Czech and Slovak Composers' 2008/2009 Anniversaries
Editio Bärenreiter Praha has issued a press release pointing out that three composers with works in their catalogue will be marking important anniversaries in 2008/2009: Josef Bohuslav Foerster (1859-1951), Miloslav Kabelac (1908-1979), and Eugen Suchon (1908-1993).
Josef Bohuslav Foerster was well known as a music critic, professor in Hamburg, Vienna, and Prague, and composer. In addition to his six operas, he produced five symphonies and other orchestral works as well as an impressive canon of chamber, recital, and choral music, over 170 published titles. His work is considered uniquely subjective and personal, mystical, and idealistic.

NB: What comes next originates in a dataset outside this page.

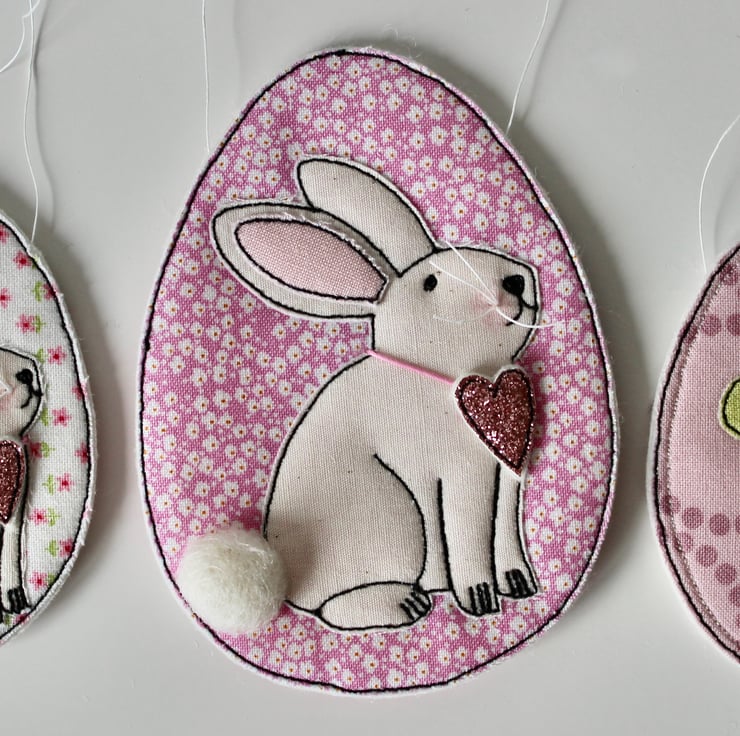 Each egg is sewn using combinations of 100% wool felt, cotton cloth, glitter cloth and free hand machine embroidery; multiple layers of cloth are sewn together and cut out by hand using very sharp scissors. With a linen string to suspend.

A prominent composer and conductor, Miloslav Kabelac's output includes eight symphonies and other orchestral compositions as well as choral, chamber, and keyboard music of an unusual variety, from children's pieces all the way to electro-acoustic experiments. His Symphony No. 8 ("Antiphonies"), Op. 54 (1970) on Biblical texts is scored for soprano solo, mixed chorus, percussion, and organ. Kabelac's music is described (Baker's Biographical Dictionary of Musicians, eighth edition) as being in a "fairly advanced modern idiom, occasionally applying dodecaphonic devices, but hewing closely to the fundamentals of tonality."
Ranked among the most prominent representatives of contemporary Slovak music, Eugen Suchon was named National Artist of the Republic of Czechoslovakia in 1958. His oeuvre includes two operas and incidental music to two plays, orchestral, chamber, vocal, and choral works. He is credited with being among the creators of the modern Slovak style of composition, based on authentic folk motifs and couched in appropriately congenial harmonies. In his later works he incorporated serialism along with modality and a sort of extended tonality. The several stages of his creative thought alternated between increasing complexity and renewed simplicity.